On to the carbon bubble: I certainly hope there is a carbon bubble. I’ve devoted my young professional life to climate change, and it saddens me to think how little progress we’ve made. I hope that global policy comes around and puts fossil fuel companies out of business. But, – so the question goes – what about our financial system – don’t institutional investors depend on these companies to stay afloat? Well, yes and no. Exxon is the largest component of the S&P500, so it’s certainly going to be a part of many investment portfolios. Wouldn’t it a Bad Thing if it went bust? Well, not really. Here’s why: (a) if Exxon goes bankrupt, it’s because some other company is getting rich supplying the same energy services (i.e. Tesla), and (b) institutional investors are so widely diversified that they’ll own the “other side” of the energy transition. Exxon’s market value won’t disappear, it will be replaced. 

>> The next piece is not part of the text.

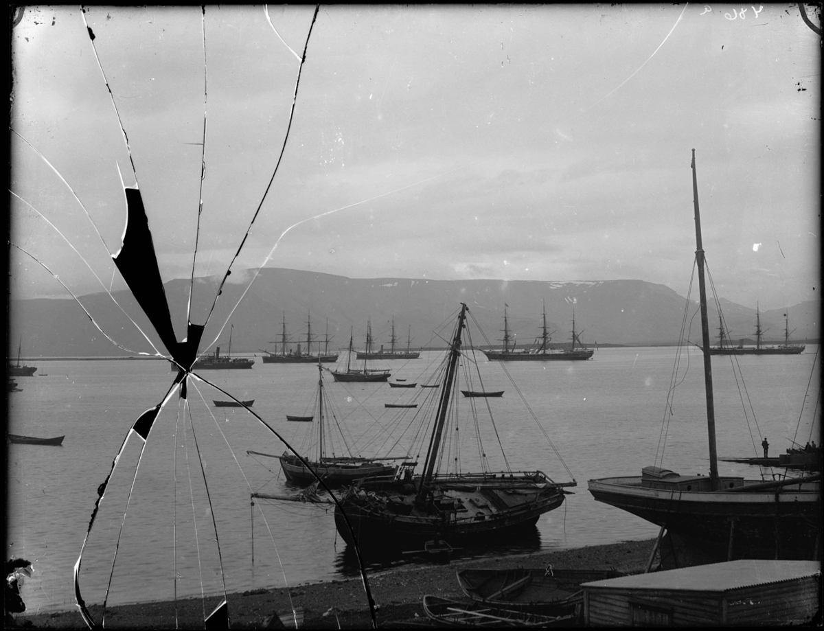 Eitt skipanna er þekkjanlegt eða Botnía, sem gekk á hafnir landsins og var líklega gerð út af Sameinaða gufuskipafélaginu.

Finally, the moral argument. This argument resonates with me, and I support those that make this decision. There is a tricky side to it, though, because if you’re selling for non-financial reasons (and therefore at below-market prices), you’re just creating economic opportunity for less-savory people. Think the Koch brothers buying a refinery on the cheap because you were divesting – you make a below-market return, the refinery doesn’t go offline, and the worst people ever make more than the buck they deserve. Not a great outcome.

The point to all this is that there is no substitute for policies that address the underlying value of fossil fuel use. If it’s more expensive to burn gasoline and coal, we’ll do less of it. Attacks on the share prices of companies is the tail wagging the dog.